DEV Community: Fex Beck

I accidentally built Karpathy's LLM Wiki — with 5,420 memories, 6 AI agents, and a self-healing knowledge graph

Fex Beck — Thu, 16 Apr 2026 19:29:44 +0000

When Andrej Karpathy published his LLM Wiki pattern on April 4, 2026, I had a strange feeling of deja vu. I'd been building exactly this — a persistent, compounding knowledge system maintained by AI agents — for months on my homelab server in Bavaria. Only mine had evolved into something he didn't describe: a multi-agent cognitive engine that fact-checks itself at 2 AM.

What Karpathy Described

Karpathy's core insight is elegant: RAG is stateless. Every query starts from scratch, searching raw documents. A wiki compounds knowledge — each query refines and connects what the system knows.

He proposes three layers (raw sources, wiki entries, schema) and three operations:

Ingest — extract structured knowledge from raw sources, cross-reference with existing entries
Query — search the wiki, synthesize an answer, optionally write back
Lint — periodically health-check for staleness, contradictions, gaps

It's a beautiful pattern. And I'd been living it for a month before he published it.

What I Built (Before Reading His Post)

BrainDB started in March 2026 as a dumb JSON store so my Claude Code sessions could remember things between conversations. "Just save the SSH password somewhere," I thought.

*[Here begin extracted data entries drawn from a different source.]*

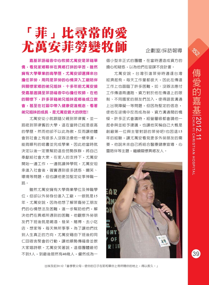 「菲」比尋常的愛 尤萬安菲勞變牧師
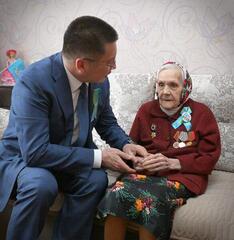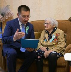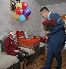 В Павлодаре глава региона посетил и поздравил ветеранов Сергея Выжутовича, Марию Курбатову, Василия Григораш и Николая Ступку, а также ветеранов, проживающих в области: Марию Матюшину - в с. Сычевка Павлодарского района, Василия Московченко - в п. Калкаман с.з.г. Аксу, Анну Носову - в с. Иртышск Иртышского района и Қайыра Хасенова - в с. Баянаул Баянаульского района.
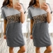 Fashion Leopard Spliced Short Sleeve Round Neck T-shirt Dress
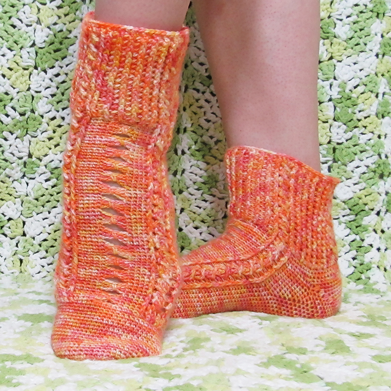 Once again, June’s sock pattern is “Ribbons & Bows” by Jerry Rigdon. It features a toe-up construction and afterthought heel. The bottom of the foot is done in single crochet stitches. The openwork center panel of stitches creates little bows up the top of the foot. Cables on either side of this look like jaunty ribbons. The combination makes for a fun sock project that is fast and easy to do.
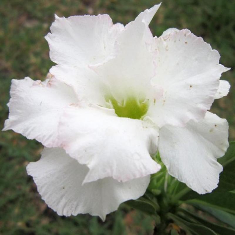 Adenium White Angel - экзотическое маленькое деревце или компактный кустарник. Листья у него темно-зеленые, длинные. Цветки средне-махровые. Лепестки округлые, большие, с гофрированными краями. Окрас лепестков снежно-белый со светло-зеленым горлом.
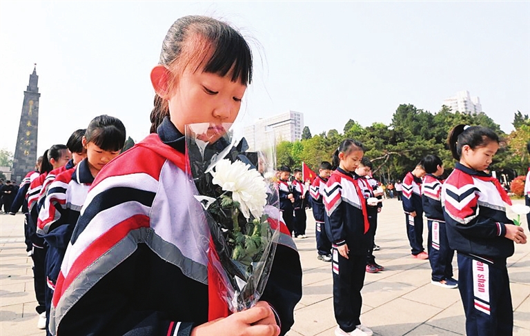 4月4日,湖南芷江居民曾星华带着读初中的女儿曾一可来到英雄广场烈士陵园。曾星华说,家风家教的核心是教孩子做人。在清明假期带孩子来陵园祭奠烈士,就是希望女儿能学习先辈的勇敢,也懂得敬畏与感恩。
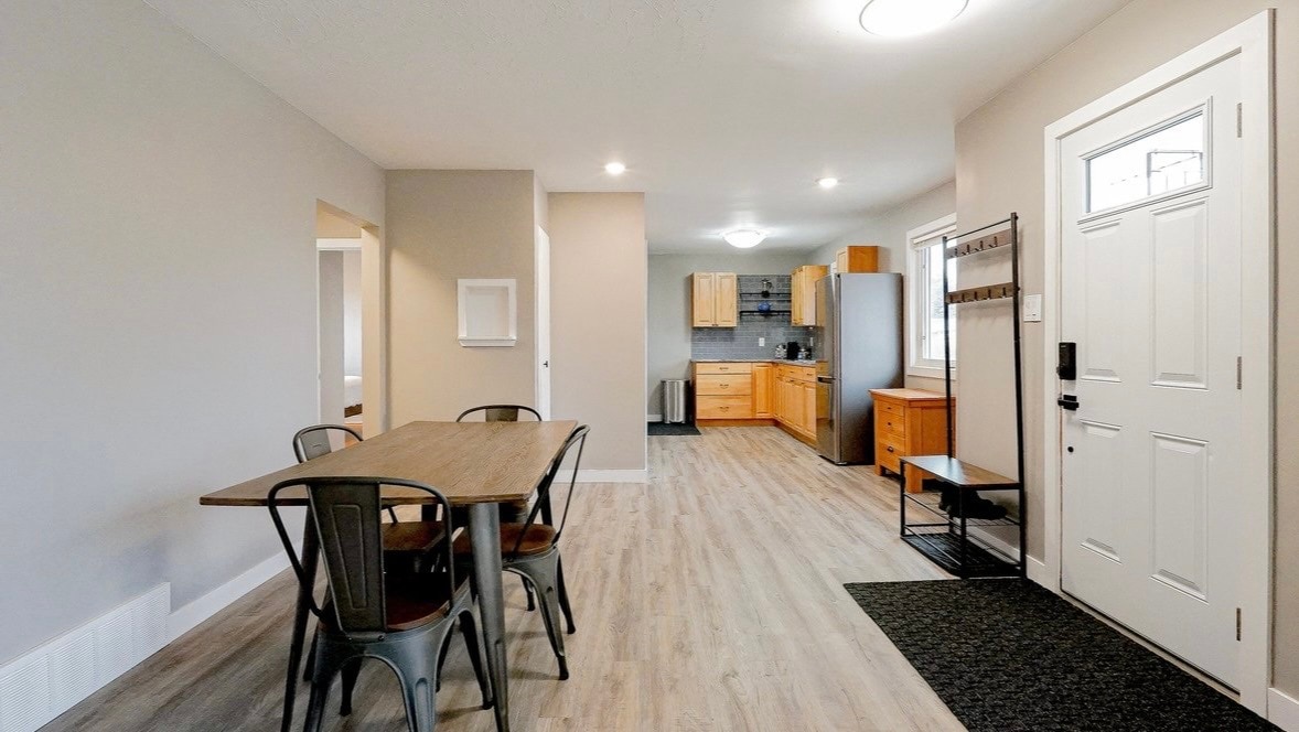Nedavno renoviran dom sa 4 spavaće sobe i 2 kupatila u severozapadnom delu Medisin Heta, osmišljen za udobnost i duže boravke. Svijetao otvoreni raspored, moderne završne obrade, potpuno opremljena kuhinja, brza Wi-Fi mreža, 2 pametna televizora i mašina za pranje i sušenje veša u apartmanu. Prostrani podrum sa drugim dnevnim boravkom i čajnom kuhinjom – savršeno za porodice i poslovne ljude. Mirna, bezbjedna lokacija u blizini prodavnica, restorana i sadržaja. Čist, elegantan i spreman za useljenje – sve što vam je potrebno za udoban duži boravak. Veliki centar za kuglanje i biciklističke staze u blizini!

Five weeks later, it had grown into this:

5,420+ memories across 11 types: credential, service, project, feedback, lesson, issue, reference, user, note, research, decision
Hybrid search — SQLite FTS5 + semantic embeddings (Ollama on a local GPU) + Reciprocal Rank Fusion
Knowledge graph — 551 relations with automatic entity extraction
Multi-agent coordination — advisory locks, heartbeats, session handovers
105+ API endpoints, 40+ MCP tools wired directly into Claude Code

The architecture wasn't planned. It was grown, one annoying problem at a time. "Why does Claude keep forgetting how my firewall works?" led to memory types. "Why did two agents just edit the same file?" led to coordination. "Why is this credential from last week wrong?" led to contradiction detection.

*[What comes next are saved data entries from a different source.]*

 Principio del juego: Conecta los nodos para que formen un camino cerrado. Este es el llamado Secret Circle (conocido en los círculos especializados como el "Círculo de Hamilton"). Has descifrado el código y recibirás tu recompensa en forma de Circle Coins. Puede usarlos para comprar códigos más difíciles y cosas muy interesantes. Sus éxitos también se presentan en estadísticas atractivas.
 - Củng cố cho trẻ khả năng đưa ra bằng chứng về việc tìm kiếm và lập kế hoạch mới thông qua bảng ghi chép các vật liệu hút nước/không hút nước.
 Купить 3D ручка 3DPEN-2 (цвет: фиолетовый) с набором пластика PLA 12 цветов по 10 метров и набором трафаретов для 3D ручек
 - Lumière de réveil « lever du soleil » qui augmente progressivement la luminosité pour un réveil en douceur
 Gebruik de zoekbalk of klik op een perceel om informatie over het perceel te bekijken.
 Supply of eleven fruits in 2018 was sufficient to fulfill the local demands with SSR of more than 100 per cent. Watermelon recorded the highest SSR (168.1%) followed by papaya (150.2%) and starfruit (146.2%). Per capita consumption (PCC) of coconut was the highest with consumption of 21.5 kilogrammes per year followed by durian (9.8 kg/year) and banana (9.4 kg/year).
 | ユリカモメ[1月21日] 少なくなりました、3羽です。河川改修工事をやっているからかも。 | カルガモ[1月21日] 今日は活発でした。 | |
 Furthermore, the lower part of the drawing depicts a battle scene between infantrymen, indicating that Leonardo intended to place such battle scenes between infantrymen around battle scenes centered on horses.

The Mapping — His Pattern, My Implementation

When I read Karpathy's gist, I started mapping concepts:

Karpathy's Concept	BrainDB's Implementation
Raw Sources -> Wiki -> Schema	`research` memories -> `recall`/`search` -> `CLAUDE.md` bootstrap
Ingest (extract + cross-reference)	`/learn` + `/wiki/ingest` (entity extraction, relation creation)
Query (search wiki + synthesize)	`/ask` RAG pipeline + `/wiki/synthesize`
Lint (health check)	`/wiki/lint` + autoDream + contradiction detection
Index file	`/recall` + `/hybrid-search` (FTS5 + vectors)
Log file	`/wiki/log` (append-only activity chronicle)
"The LLM maintains everything"	6 AI agents, each with a specialty

The overlap was uncanny. But the differences were more interesting.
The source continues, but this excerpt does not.